# A few pics of Ray's MTB Park, Cleveland.



## Rubber Side Down (Jun 7, 2004)

We had a crew over at Ray's indoor park in Cleveland a few weeks ago and here are a few pics. Ray and company really did a great job incorporating some interesting and challenging stunts in his park. They offer everything from beginner teeters and log rides to very challenging balancing-act type stuff. 

I really dig the skinnies and banked sections and there plenty of both. What a great time we had!
These are some of the highlights: Double teeter, huge wall ride, sliding bridge, 90 degree pivoting teeter, extremly skinny & high ladders, and some nice box jumps. 

go there, have fun! And no, I don't work for Ray, we just had a great time. 

1. "expert" section
2. Sport section-cloverleaf
3. banked turn & Rockgarden
4. Double Teeter
5. need faster film!


----------



## Rubber Side Down (Jun 7, 2004)

couple more
by the way, sorry the picture quality isn't great. I had to shrink these way down and my photo editing software at work is junk.

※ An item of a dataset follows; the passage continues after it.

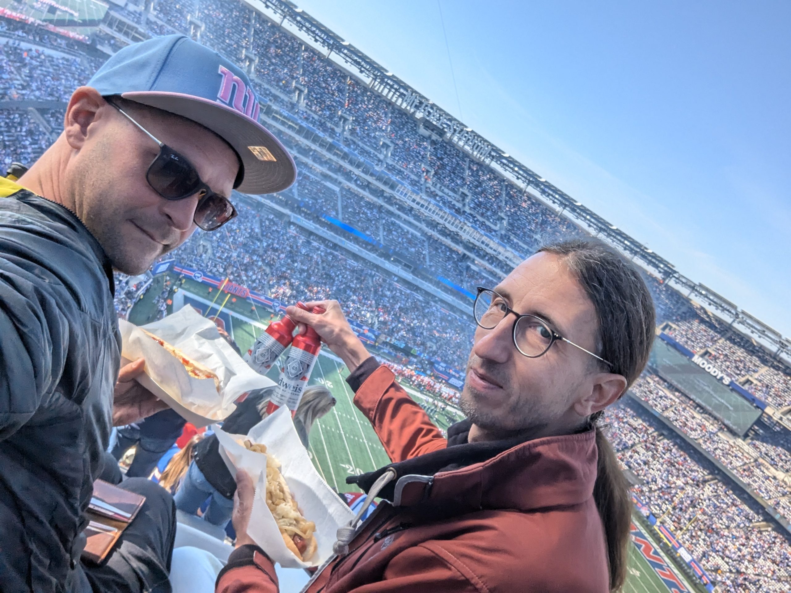 Champaign breakfast in bed, i mean we really had an absolute amazing view of Manhattan´s skyline, and afterwards we went to the New York Giants vs. Washington Commanders. It has been an experience, but all in all i d rather go to a soccer game then american football again. With all the little breaks in between that feels more like a cricket game.
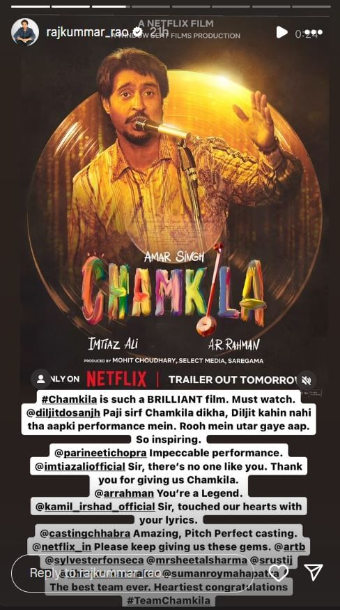 इन दिनों राजकुमार राव अपनी फिल्म 'श्रीकांत' को लेकर जमकर सुर्खियां बटोर रहे हैं। श्रीकांत अभिनेता राजकुमार राव ने फिल्म 'चमकीला' की तारीफ करते हुए अपने सोशल मीडिया अकाउंट पर एक स्टोरी साझा की है। राजकुमार ने फिल्म का पोस्टर शेयर किया और लिखा, ''चमकीला सच में एक बेहतरीन फिल्म है। जरूर देखिए।'' इसके बाद राजकुमार ने दिलजीत दोसांझ की तारीफ में लिखा, ''दिलजीत पाजी सिर्फ चमकीला दिखा, दिलजीत कहीं नहीं था आपकी परफॉर्मेंस में। रूह में उतर गए आप। बहुत प्रेरणादायक।'' इसके बाद श्रीकांत अभिनेता ने फिल्म में परिणीति चोपड़ा की तारीफ में भी दो शब्द लिखे, ''परिणीति चोपड़ा आपने बहुत ही ऊंचे दर्जे का अभिनय किया है।'' इसके बाद राजकुमार ने फिल्म के निर्देशक इम्तियाज अली की तारीफों के पुल बांध दिए। अभिनेता ने लिखा, ''सर आप जैसा कोई और नहीं है। आपका बहुत धन्यवाद चमकीला बनाने के लिए।'' इसके आगे अभिनेता ने ए आर रहमान की तारीफ करते हुए लिखा, ''ए आर रहमान आप तो लीजेंड हो।''

1. Backside of banked turn
2. High on the wall
3. so many choices! 
4. skinny 1
5. skinny 2
6. sliding bridge


----------



## Rubber Side Down (Jun 7, 2004)

Last one, a sliding bridge. You ride on and have to trackstand (or cheat with the handrails) and wait for it to slide down to the landing. pretty cool.


----------



## RMXtreem (Oct 16, 2004)

wow, wish we had an indoor park like that. nice pics man. does he charge you to ride there?


----------



## Rubber Side Down (Jun 7, 2004)

I think it was $15 for the whole day, but considering we rode from 10:30 am - 8:30 pm it is worth every dollar in my opinion.

http://www.raysmtb.com/


----------



## Trailer Rails (Aug 20, 2004)

Has that place been crowed? I was thinking about going up there but I afraid it would be pretty crowed on the weekends.


----------



## Guest (Dec 13, 2004)

I'm the guy wearing the red shirt holding the camera. It was not crowded at all and it was the second weekend it was open! We went on Saturday, so if any day it should be the crowded on. We had an absolute blast! Highly recommended. But if you want to hit the big drop, hope you have a beefy wheel  I saw a guy taco his xc rim off of it hehe

-matt


----------



## SHIVER ME TIMBERS (Jan 12, 2004)

man that looks like fun...in the light of big bear getting closed to a lawsuit...those stunts look very close together if you fall off the "trail"...you might step on another line and hurt yourself....that would suck if one person ruined it for everyone else. Nice pics


----------



## Trailer Rails (Aug 20, 2004)

What is the "big drop"? I am not worried about my bike breaking, What is the biggest thing they have there? Everything there seems to low altitude skinnies. It looked like the skinniest thing there was 4" wide, is there anything skinnier?TIA


----------



## Guest (Dec 13, 2004)

Well the big drop really is pretty small actually. maybe 6.5 feet tall. yea I think that 4" is as skinny as it gets. but tons of fun for satisfying your riding cravings during the winter 

-matt


----------



## madmax (Mar 31, 2004)

those are awesome, that wall ride looks like sooooooooooo much fun.


----------



## Rubber Side Down (Jun 7, 2004)

Yeah the drop isn't huge, and the landing angle is a bit shallow, but still fun. I didn't hit the big one but wen't huge off the 4+ footer several times  

Plenty of 2x4's to ride, so I guess technically the skinniest thing there is 3.5 inches.. but really who needs skinnier than that? Most of the skinnies were pretty challenging though b/c there wasn't much room to line up both wheels before you hit them, plus most were sloping up or down, not just flat.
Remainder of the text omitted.